Since 2011, the trust has donated nearly $1 million to these organizations. The largest contribution — $340,307 — went to E Kupaku Ka Aina, The Hawaii Land Restoration Institute for native ecosystem and taro patch restoration.

’I Don’t Think We’ll Lose’

Andrew Kimbrell, the Center for Food Safety’s founder and executive director, wasn’t always an activist attorney. He used to teach piano. But after getting his law degree and becoming a corporate attorney he turned to food policy.

He says food is the “most intimate relationship we have to the environment,” and can be tied to everything from deforestation and climate change to the abuse of farm animals and obesity in society.

But now Kimbrell has now turned his attention Hawaii, which he considers to be a battleground state in the fight over food sustainability. He likens the isles to a “poison paradise,” where Monsanto, Syngenta and the other agribusiness companies go about their business without regard for their neighbors.

“This is their laboratory,” Kimbrell said. “These aren’t farms, they’re outdoor laboratories. They’re not producing any food for Hawaiians.”

He bristles at insinuations by the biotech industry and its allies that he, or anyone working for his nonprofit, is on the take from the organics and natural foods industry, calling it little more than a talking point.
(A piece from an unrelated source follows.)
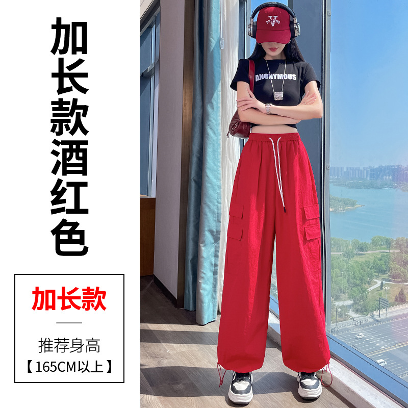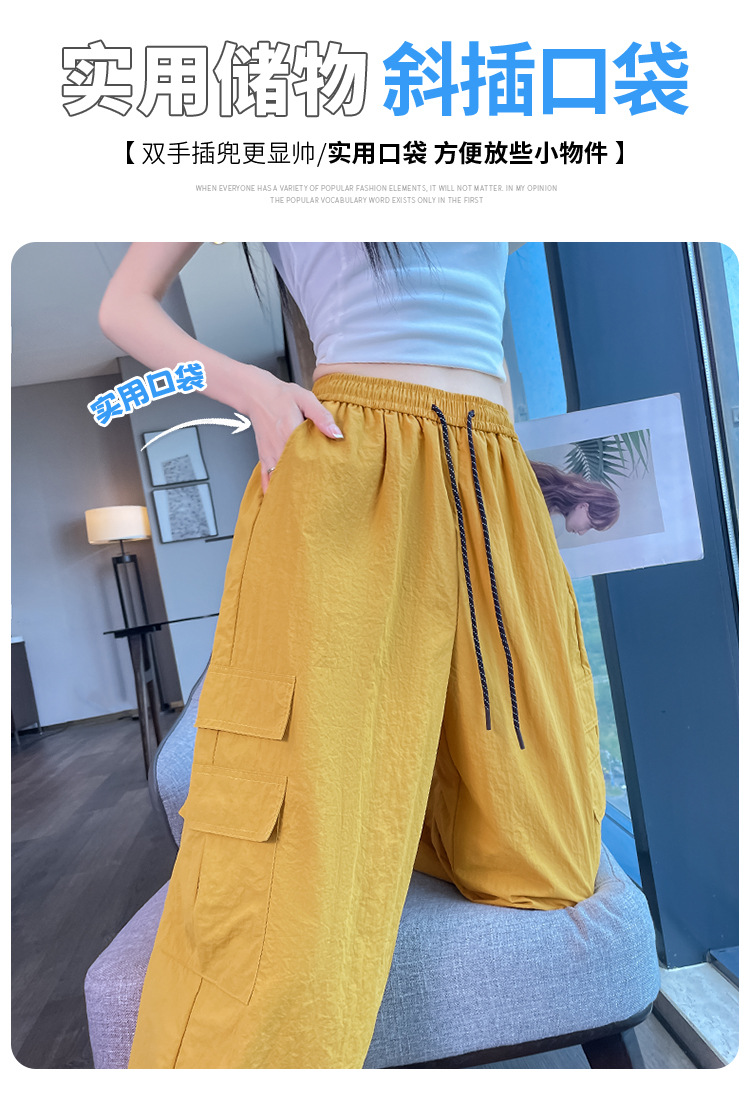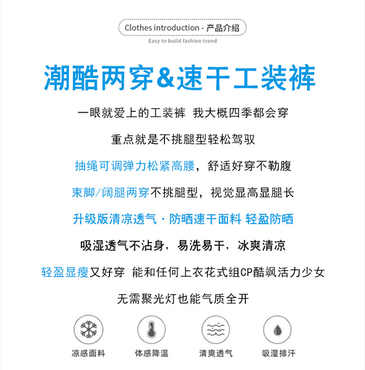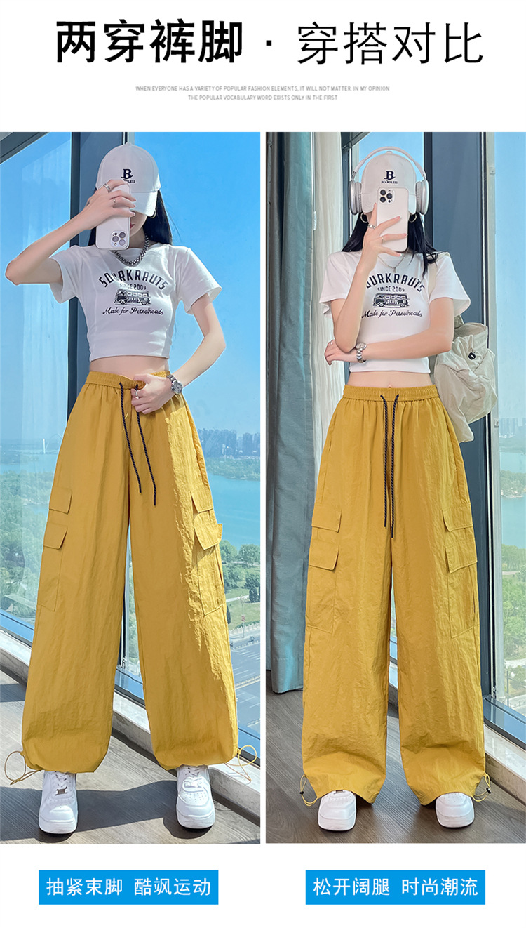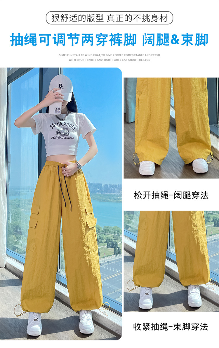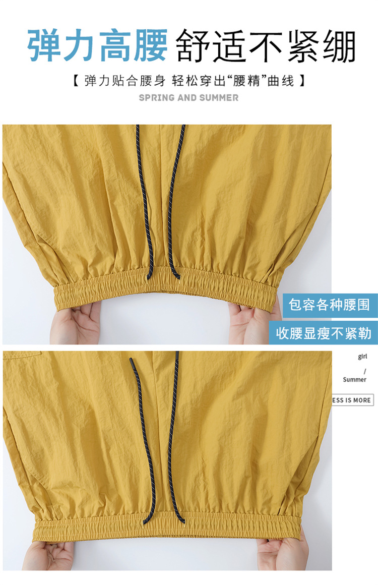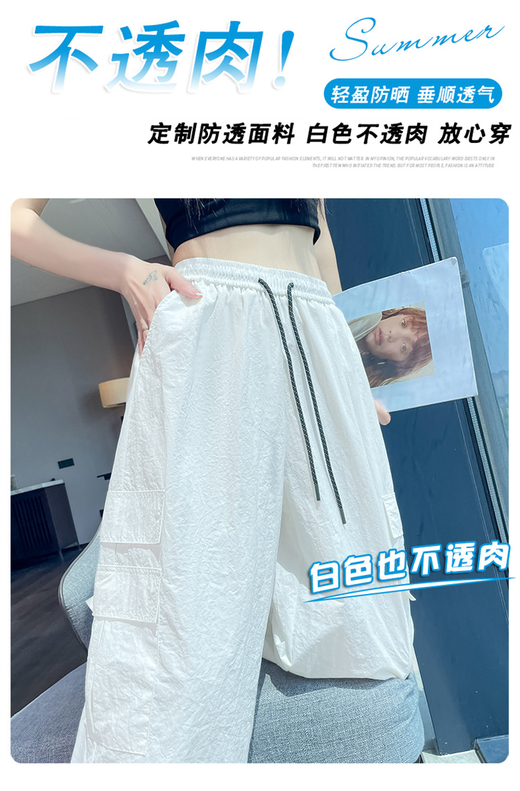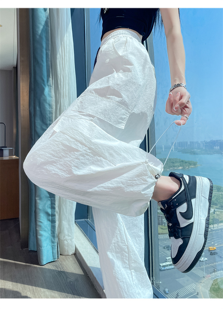 여성용 레드 아이스 실크 속건 작업복 바지 여름 얇은 탄성 높은 허리선 자외선 차단 투웨이 등산 와이드 팬츠 캐주얼스토어 가기

Kimbrell and others at the nonprofit also push back when questioned about their funding sources, saying the biotech businesses are simply trying to caricature the nonprofit as a giant corporate entity that can exert its will on big corporations, like Monsanto.

“It’s not as if we’re starting two equal teams on an equal playing field,” Kimbrell said.

He doesn’t make excuses for where the nonprofit gets its money, saying it’s obvious that groups aligned with the Center for Food Safety’s mission would provide grants and other funding to support its causes.

But while the Center for Food Safety does get some corporate sponsorships, he notes that it’s only a tiny fraction of what is pulled in through attorneys fees and other grants.

He declined to reveal the names of the businesses that give the nonprofit money.

“It’s simply not a significant portion of the money that we use to keep CFS going,” Kimbrell said. “It certainly doesn’t influence what we do.”

Instead, Kimbrell wants to focus on increasing transparency in the food production process, whether its labeling the genetically engineered foods that have been approved for human consumption or pushing for more disclosure about the pesticides that are sprayed on Hawaii’s seed crops.

He doesn’t see the Center for Food Safety as the head of the anti-GMO movement in Hawaii, but he promises that his organization is in it for the long-haul.

Should the nonprofit lose in the courts and in the political arena it’s only a temporary hiccup in the center’s push to grow more local, organic foods on the islands.

He concedes this will take time, maybe five years, maybe 10, even 15. But he believes the momentum is there.

“This is a long-term fight for Hawaii’s food future,” Kimbrell said. “That’s what we’re there for. And I don’t think we’ll lose.”